Guillaume de Machaut
Motets
The Hilliard Ensemble
David James counter-tenor
David Gould counter-ternor
Rogers Covey-Crump tenor
Steven Harrold tenor
Gordon Jones baritone
Recorded November 2001 at Propstei St. Gerold
Engineer: Peter Laenger
Produced by Manfred Eicher
As one who spent a good part of his formative Renaissance listening digesting the music of Guillaume de Machaut (c. 1300-1377) via non-Hilliard Ensemble recordings (most notably Ensemble P.A.N.’s exemplary Remède de fortune on New Albion), I have to admit to not taking much of a shine to these renditions at first. Yet after sitting with, and returning to, this recording a number of times over the years, I’ve been able to move beyond my preconceived notions and to appreciate the stunning light they shed. I venture to say that others may have the same reaction, but the rewards for immersing oneself in this ECM treatment are revelatory. The Hilliards have never been ones to take any project lightly, nor the choices within it, and the emotive care with which they sand and shape Machaut’s virtuosic settings is something to behold with wholehearted attention.
Like Gesualdo some two centuries later, Machaut was not without his preoccupations with mortality, love (both sacred and secular), and human beings’ penchant for suffering. It is perhaps for this reason that the Hilliards present their program in chronological order, as if to show us how Machaut grew behind and through its trajectory. And indeed we can almost hear that single comet’s tail drawn quietly from a tangle of cosmic lines. To be sure, these performances maintain the composer’s bold dissonances and challenging harmonies as they cascade over one another in waves of overwhelming polyphony (this, also, I think contributes to their hold on a listener), but in the Hilliards’ mouths their edges become rounded and fair, an effect only heightened by the resonance of Propstei St. Gerold, where the session was recorded.
The music is often anchored by dominant lines (e.g., Puis que la douce rousée) even as it spirals through a galaxy of atmospheres. Like a four-dimensional object it is impossible to fathom through the eyes, yet when we hear it through the shadows of the recorded medium it unscrambles our inner vocabulary like a Rubik’s cube until every side is uniform. Thus the movable nature of Machaut is so well suited to the Hilliards, for a likeminded meticulousness of vocal color and rhythmic staggering (O livoris feritas) truly distinguishes these singers from the rest. They also manage to enhance the sometimes-whimsical edge of the music’s piteous core, as in Helas! où sera pris confors. David James glows in the intimacies of Eins que ma dame d’onnour, Faus Samblant m’a deceü, as do the falsetto tenor lines in Fins cuers dous. Ultimately, however, one feels arbitrary in singling out certain moments over others, for Machaut’s knots are too well balanced to begin picking at individual threads.

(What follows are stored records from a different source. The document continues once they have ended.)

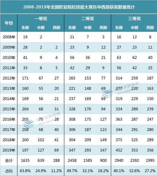根据历年全国职业院校技能大赛获奖名单统计,东部获奖总数明显高于中西部。2008年至2019年,东部、中部、西部获奖总数分别为7033项、4616项、3183项,东部获奖总数约为中部的1.5倍,西部的2.2倍。而一等奖东部优势更加明显,东部、中部、西部一等奖获奖总数分别为1635项、639项、288项,东部一等奖获奖总数约为中部的2.6倍,西部的5.7倍。
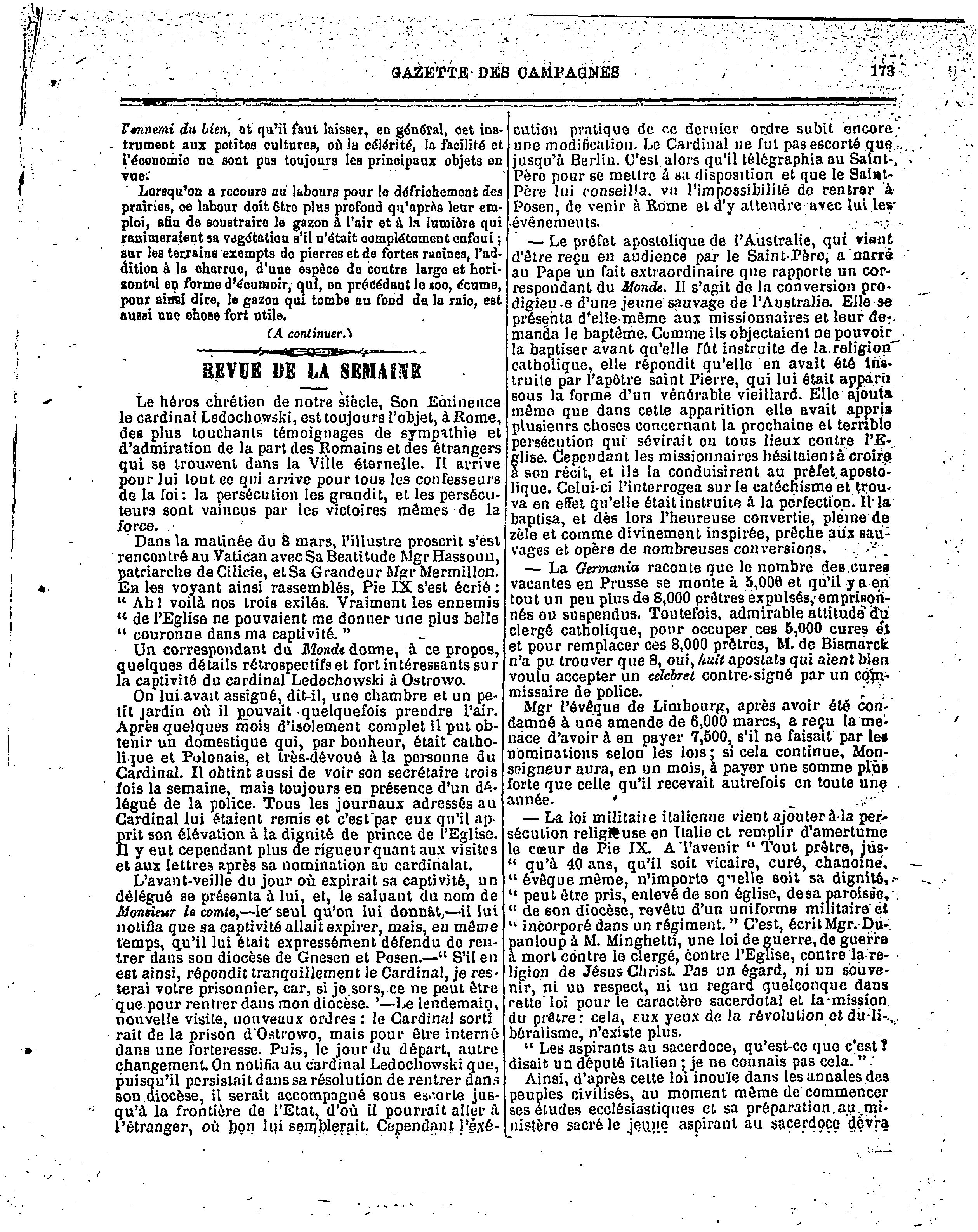 - Gazette des campagnes [14e année, nos 22/23 (20 avril 1876)]
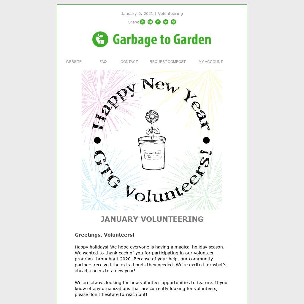 As always, to sign up for an event this month and receive a month of free Garbage to Garden service, RSVP by email, and we will help answer any questions you may have. Remember, events are first-come, first-serve.
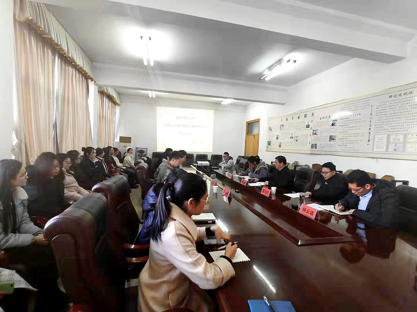 12月2日下午三时,曲阜师范大学孔子文化研究院第一届研究生会在国学院会议室举行成立大会。曲阜师范大学孔子文化研究院副院长翟文铖到会祝贺,邢学坤讲话,研究生辅导员李巧敏、研究生教学秘书钟云瑞以及第一届研究生会全体成员参加大会,生命科学学院研究生会副主席兼研究生团委副书记袁晓涵应邀参加成立大会,大会由第一届研究生会主席周尔祥主持。
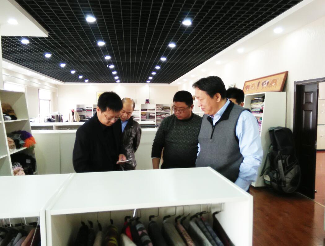 協(xié)會(huì)副會(huì)長(zhǎng)單位、內(nèi)蒙古大盛業(yè)羊絨制品有限公司總經(jīng)理魯耀武為中商所一行介紹企業(yè)情況
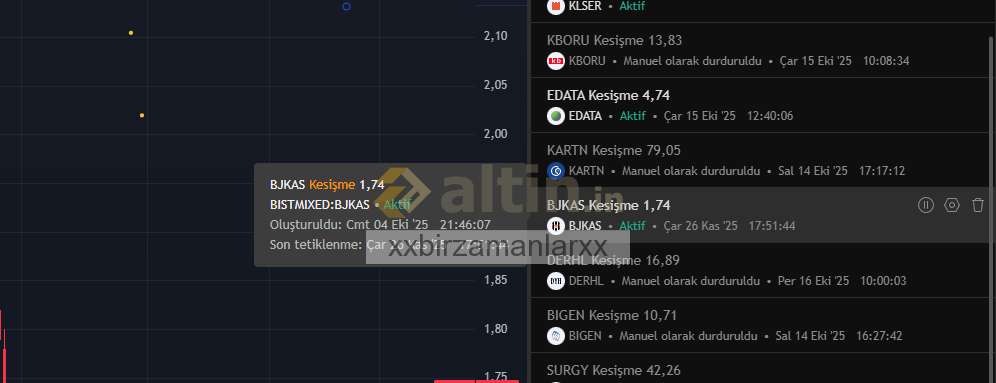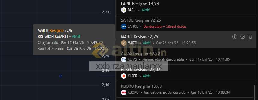 alarmları biraz üstten oluşturuyorum hazırlık için ama hiç bir alarmı zamanında alamadım. hep erken başka hisseler aldım.. terste bırakmadan yukseltmiyor.. formasyonu bitenin en kötü ihtimal hızlıca az yukseltip tekrar düşürüyor formasyonu farklılaştırıyor..((
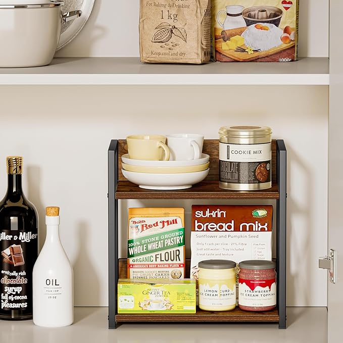 - 【Easy to Install & Cleaning】With detailed instructions and tools provided, you can have this 2-tier countertop shelf organizer assembled in 10 minutes. The wooden surface is waterproof and dust free, a damp cloth could keep the countertop organizer clean.
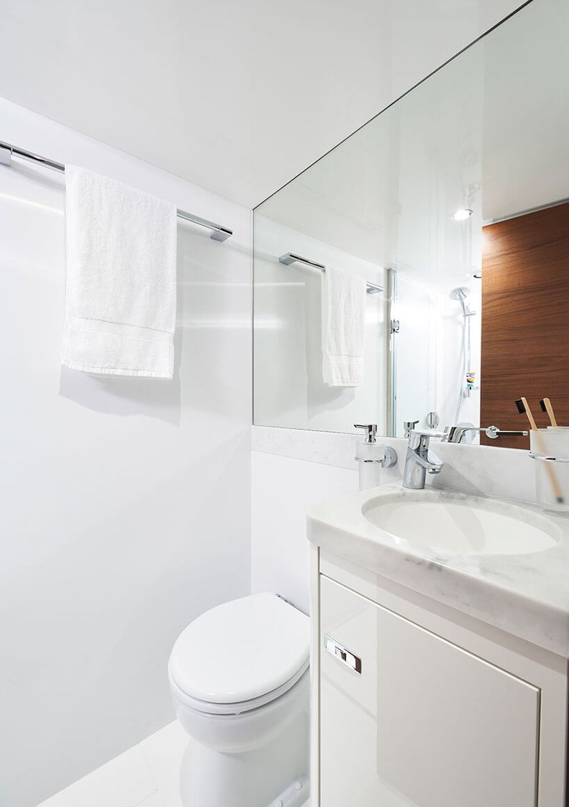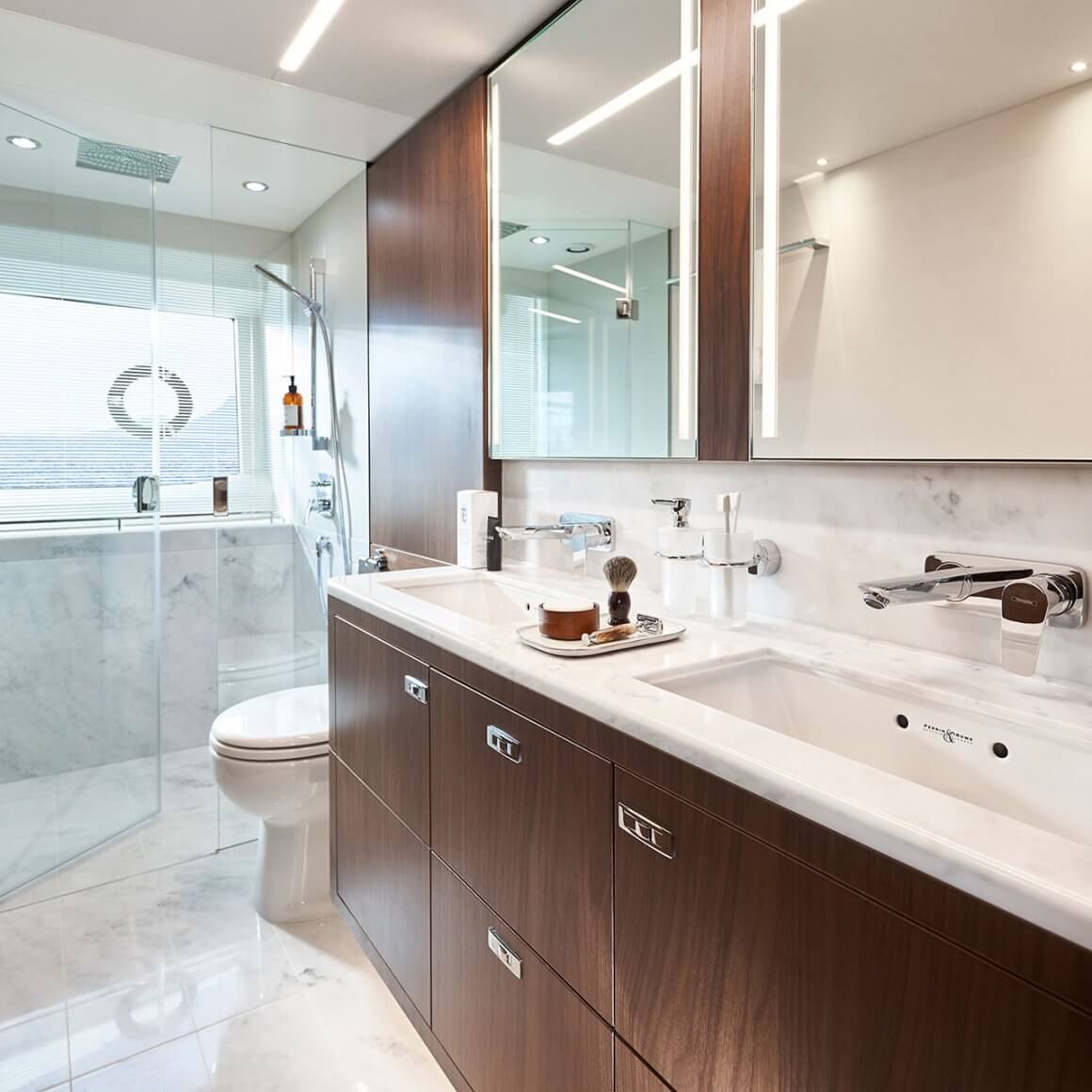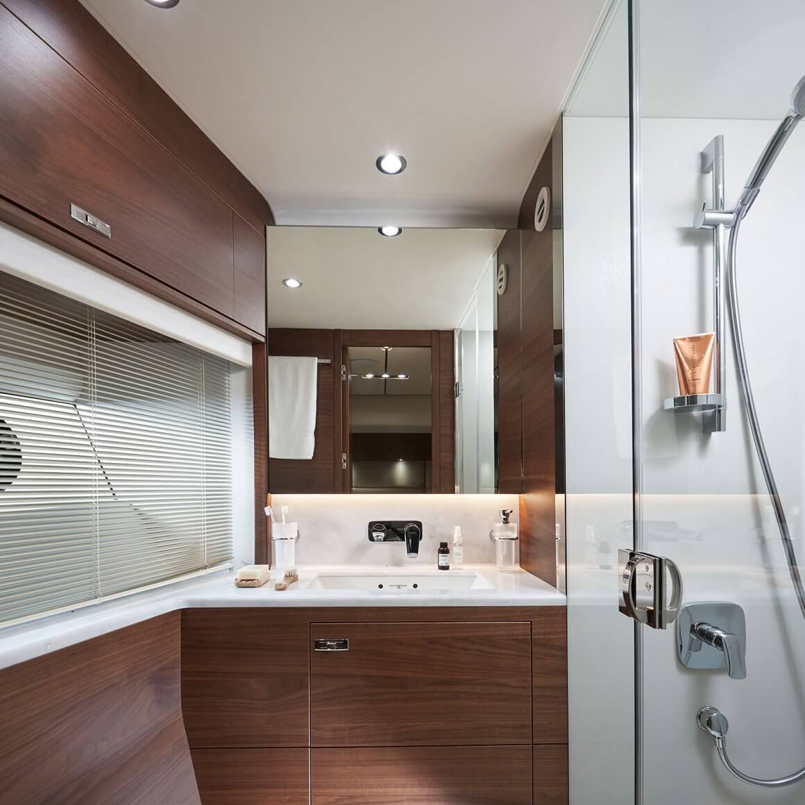 • Bathroom with separate stall shower, electric freshwater toilet and washbasin

I feel at pains to articulate what this music feels like, and equally so in trying extract some interpretive statement to which others, whether they’ve heard it or not, may relate. Like so much of what we encounter in our listening lives, these sounds come and go, lost even as they are experienced. That being said, I cannot help but believe that they leave discernible traces in the body, in the very synapses of the brain. If this recording has taught me anything about this art of reviewing in which I so humbly engage, it’s that immediate effect is not the criterion by which music should necessarily be judged. (In a world so bound by linear time, what currency does immediacy carry anymore?) Rather, I have increasingly tried to look at the specks of permanent change that Machaut, here and elsewhere, has lodged in me. Looking back on the experiences that led me to him in the first place, I know that fortune has indeed whispered into my ears with his texts and melodies from so many centuries ago.
If I may interrupt this stream of thought with a technical one, this was the first recording I ever heard with tenor Steven Harrold, who signed on with the Hilliard Ensemble in 1998. And while the colors of John Potter are certainly missed, Harrold delivers a fresh and slightly brighter tone (at the risk of undoing my earlier assertion, may I point your attention to his gorgeousness in the Veni creator spiritus). His presence is duly welcome in the context of Machaut’s motets, and along with countertenor David Gould enhances every motif he touches. If each motet is a series of numbers, then the Hilliards have provided us with legible solutions. Like a proof, each is filled with potential diversions and dead ends, but through this singular recording we are given a full map that we do well to follow with our eyes closed and our ears walking, open-armed.